Глава 4
9 мая 2026 г., 08:18
Миша продолжал писать – к датам, без дат, по велению души, когда было невмоготу молчать, а поговорить – не с кем. Папка становилась всё толще, черты Мишиного лица – всё резче. 22 июня, июль, август, 8 сентября... Сталинград, Кавказ, весь юг... оккупации, освобождения, атаки, контратаки... а между новостями – всё то же безнадёжно-страстное «Дождись меня!» И злость на себя, и ярость на них, и любовь к нему.

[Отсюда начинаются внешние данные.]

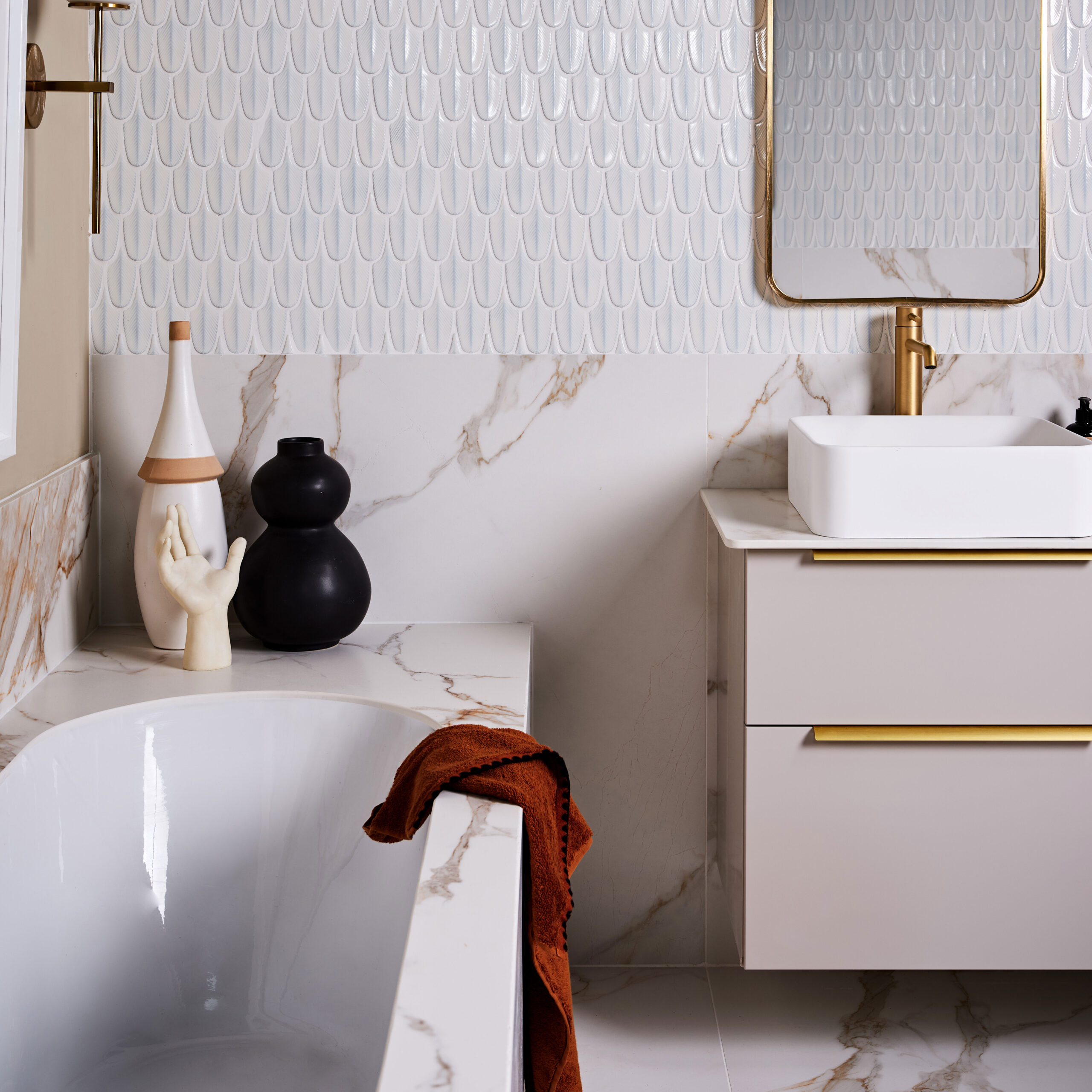 Scultpure Grand, a premium porcelain in a large format, has a detailed 3-D effect enhancing the veining. With a brushed finished and available in six shades, it will elevate any interior space. Also available in an extra large format, please contact us for more information.

Михаил Юрьевич научился тому, что давно умел Александр Петрович, – превращать письма в осколок души и разума. Теперь ему было, что рассказывать. Порой он даже подробно излагал логику военных действий и план операций и сам находил в них недочёты и просчёты, которые мог бы заметить Саша. Невский был его вечным незримым собеседником, спутником, не дававшим свихнуться. Но за всеми этими сухими рассуждениями всегда читалось размашистое «ЛЮБЛЮ!» и «ТЫ МНЕ НУЖЕН!» Мучительно было писать всё это, но ещё невыносимее – не писать совсем. Теперь Миша понимал, отчего Саша раньше строчил ему многотомные собрания сочинений. Поди удержись, когда столько всего нужно рассказать!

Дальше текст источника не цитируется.